Stored data:

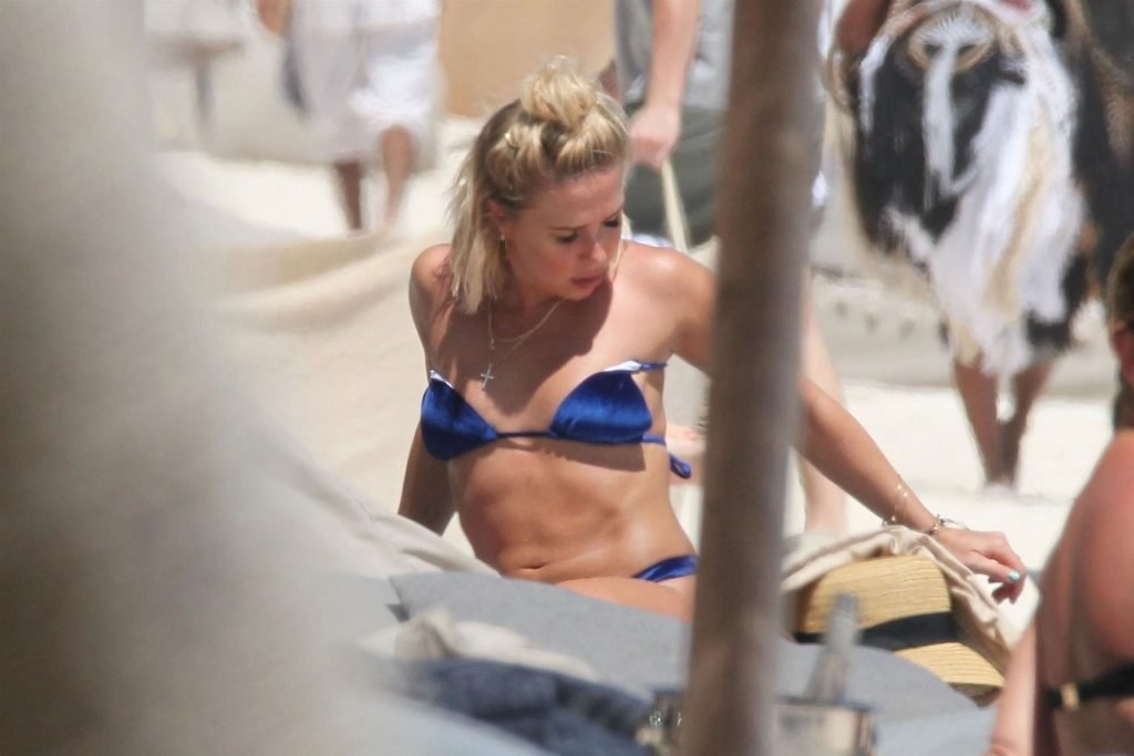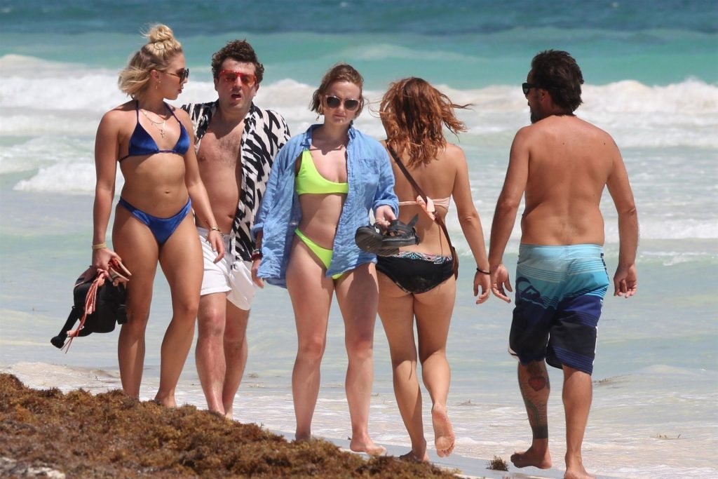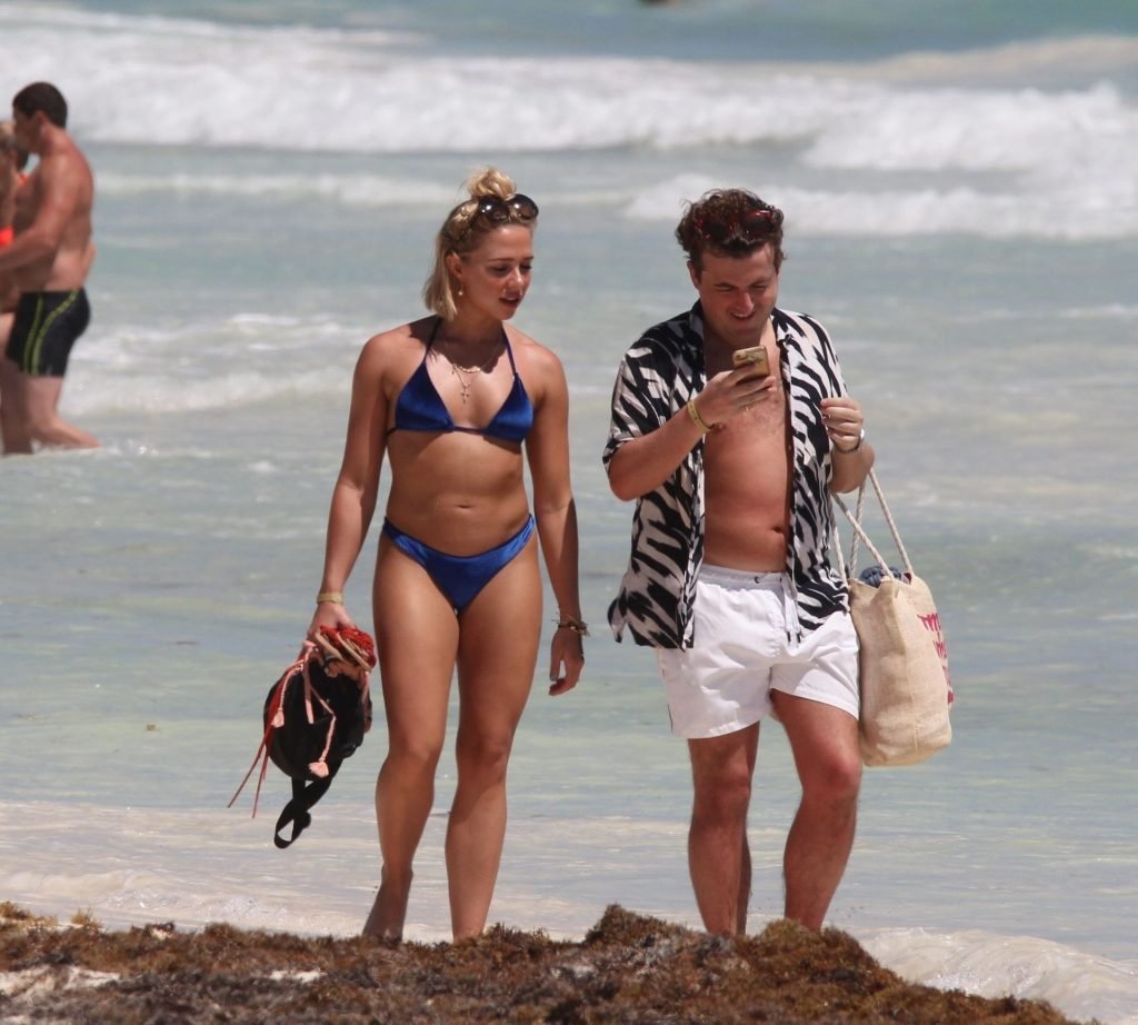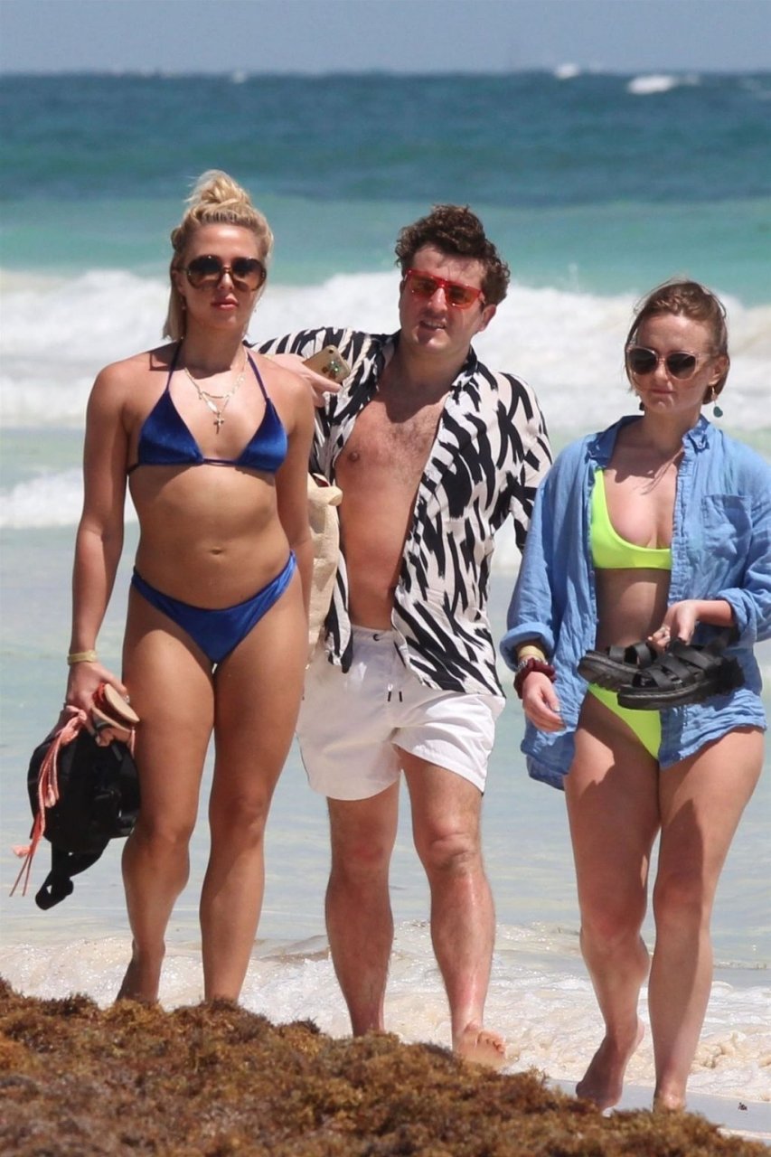 Gabby Allen de Love Island e alguns amigos aproveitam um dia na praia durante as férias em Tulum, México, 08/03/2019. Gabby exibiu seu corpo tonificado em um biquíni laranja antes de trocar para um biquíni azul.
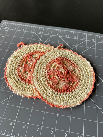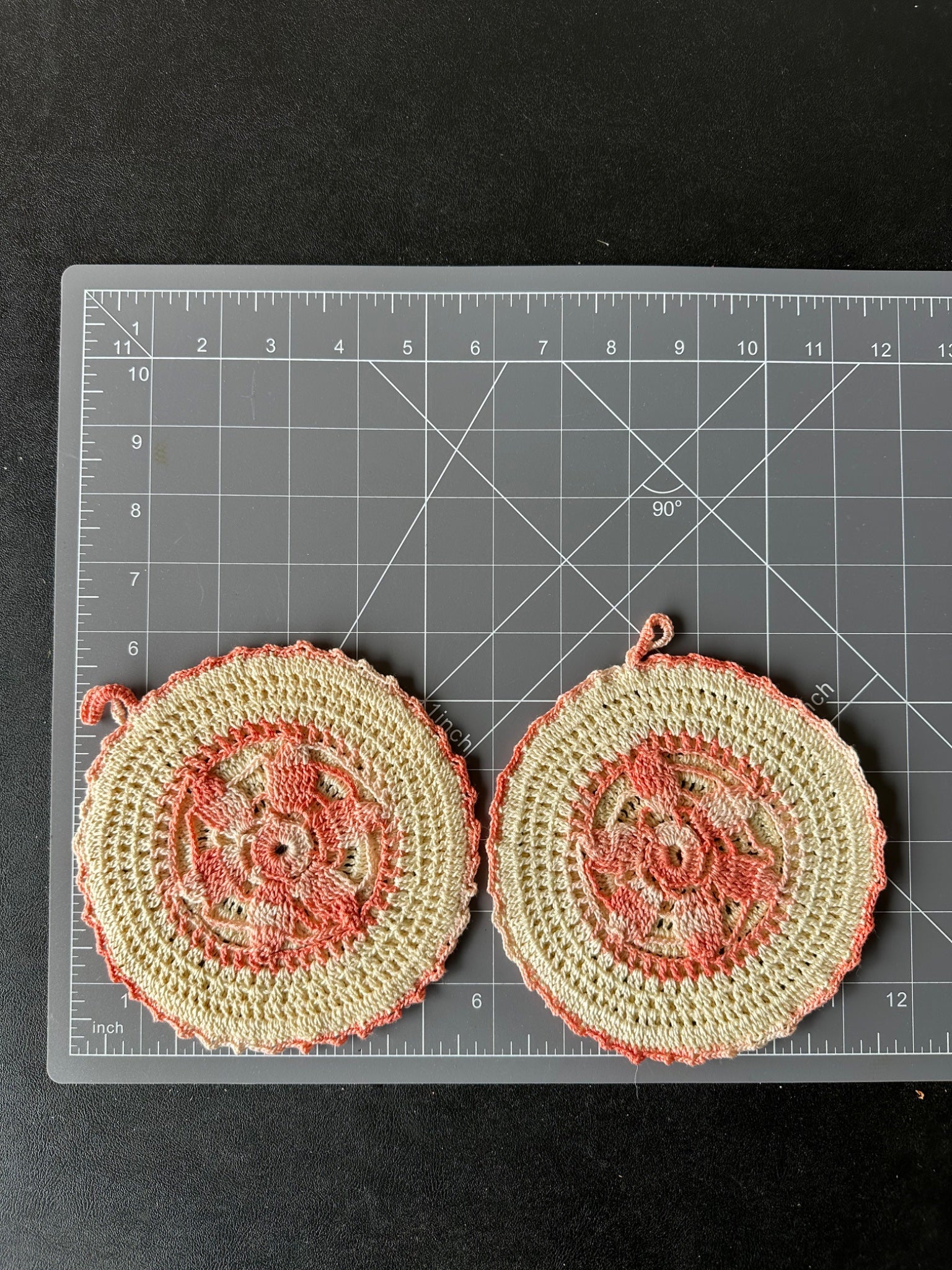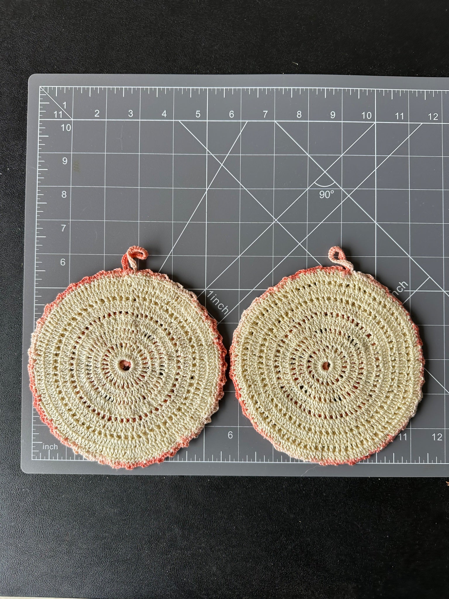 These cute little crocheted doilies or pan holders measure approximately 6-inches in diameter each. See photos for condition and details. Mat is in inches for scale reference. Great for upcyclers!
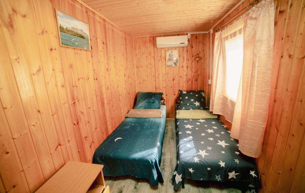 В номере телевизор, холодильник, система кондиционирования, стиральная машина, душ, кухня, чайник, четыре односпальные кровати, прикроватные тумбочки, шкаф, стол, стулья.

Task to carry out:
Only the lines that lie between the start of the listing and the line containing "These cute little", both included, belong in the answer; write them out exactly and omit pictures.

Result of the task:
 Gabby Allen de Love Island e alguns amigos aproveitam um dia na praia durante as férias em Tulum, México, 08/03/2019. Gabby exibiu seu corpo tonificado em um biquíni laranja antes de trocar para um biquíni azul.
 These cute little crocheted doilies or pan holders measure approximately 6-inches in diameter each. See photos for condition and details. Mat is in inches for scale reference. Great for upcyclers!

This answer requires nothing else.